Abstract

High-risk human papillomavirus (HR-HPV)-positive but cytology-negative cervical cancer screening results are not uncommon. This study aimed to investigate colposcopy's accuracy and diagnostic value in patients with cytology-negative HR-HPV-positive screening results. This retrospective study included patients with HR-HPV-positive cytology-negative screening results who underwent electronic colposcopy with acetic acid and multi-point cervical biopsy, HPV typing (24 HPV subtypes), and quantitative HPV detection. Among 229 patients, 130 had chronic cervicitis, and 99 had cervical lesions (CIN1, n = 37; CIN2/3, n = 55; invasive carcinoma, n = 7). Using colposcopy as a reference, the cervical cytology false-negative rate was 43.2% (99/229). Colposcopy was more accurate in patients with HR-HPV16/18 or high viral loads.
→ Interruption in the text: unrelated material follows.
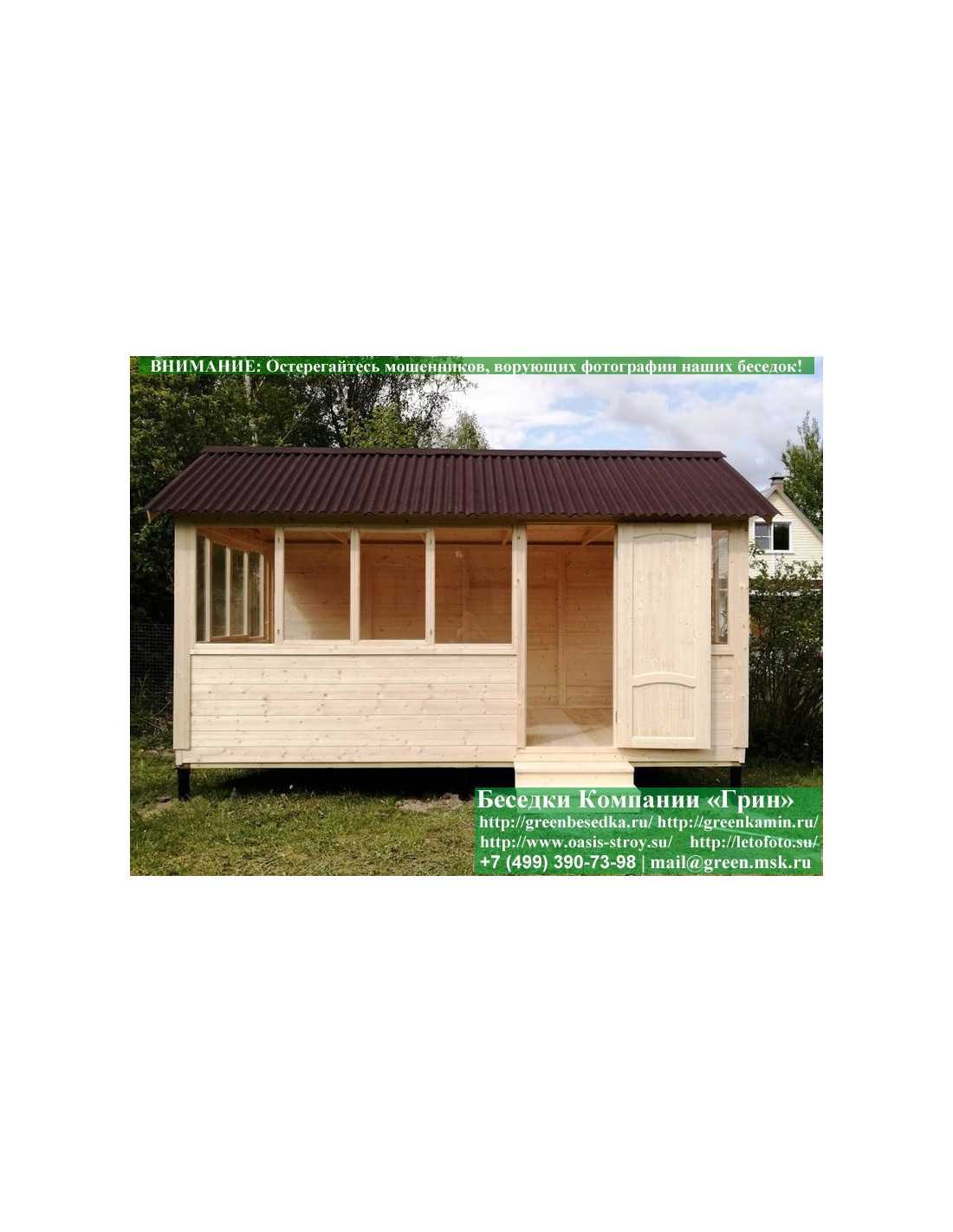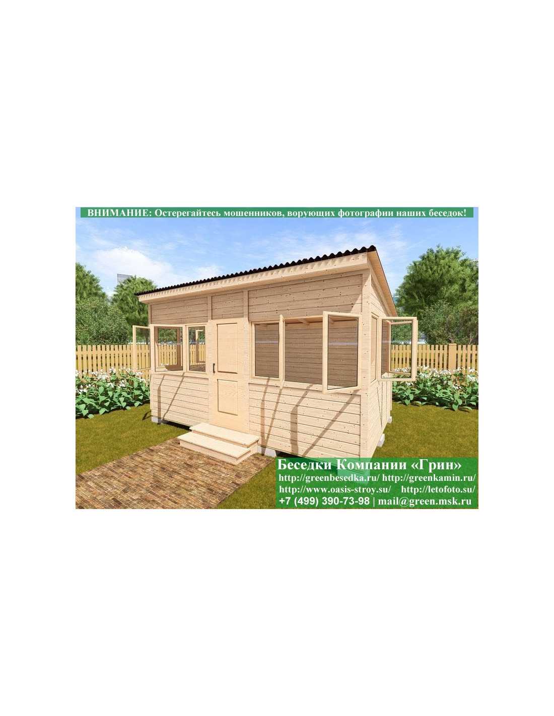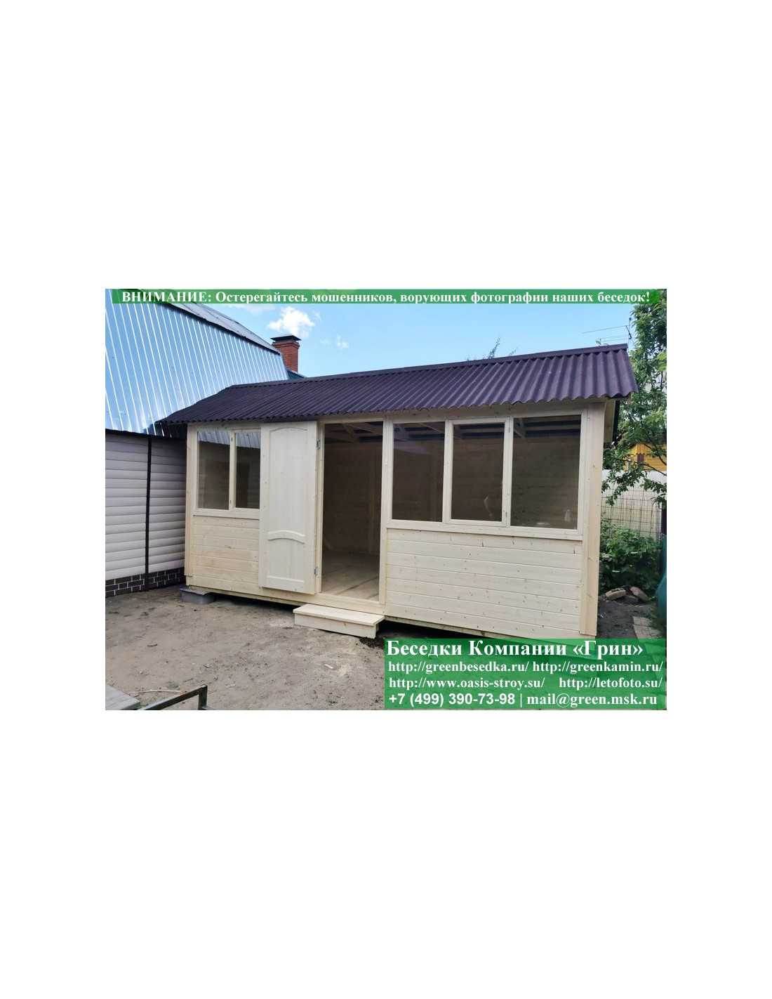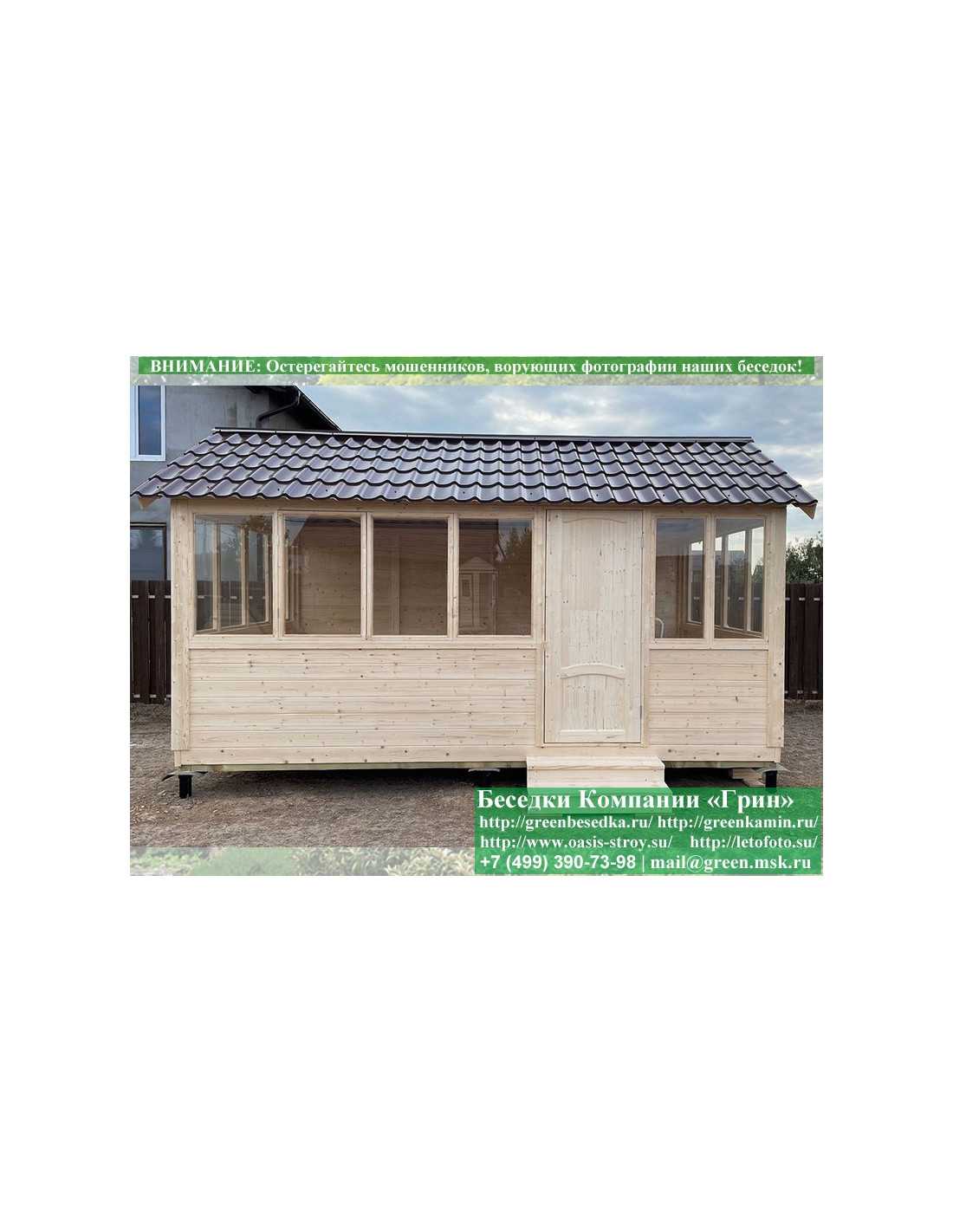 В цену входит беседка с глухой стенкой. Закрытая застекленная беседка 3х5 метров изготавливается из сосны. При строительстве беседок используется сухой материал камерной сушки. В качестве каркаса беседки используется очень надежная имитация бруса 17х140 мм. В отличие от вагонки ее не выгибает, она не набухает и не идет трещинами. Усиленная конструкция крепления стенок. В качестве несущих стоек используется строганый брус. По углам 90х90 мм. На пол кладется толстая сухая строганая доска 35 мм. В беседку устанавливаются однорамные террасные деревянные окна. Толщина стекла 3 мм. Окна можно заменить на деревянные двойные однокамерные (финки). Устанавливается сплошная деревянная филенчатая дверь. Окна и двери поставляются без фурнитуры. Их можно установить дополнительно, по договоренности. Дверь можно заменить на металлическую или пластиковую. На крышу беседки укладывается ондулин: Коричневых, Зеленых, Бордовых, Серых цветов. Срок изготовления и монтажа беседки на участке составляет 5-10 дней. Беседки поставляются в не крашеном виде. Возможна покраска беседок краской, лаком или обработка антисептиком. Дополнительно предлагаем установку в деревянные беседки недорогих безопасных быстровозводимых печей-барбекю, установка в течение дня, или более дорогих и сложных комплексов-барбекю и мангалов-барбекю из кирпича.

Multivariable analyses showed HPV viral load and childbearing history were the independent factors affecting the accuracy of colposcopy (P < 0.05). Colposcopy in HR-HPV-positive cytology-negative patients has a moderate diagnostic accuracy. The type of cervical transformation zone and HPV viral load are independent factors affecting the accuracy of colposcopy-based diagnosis.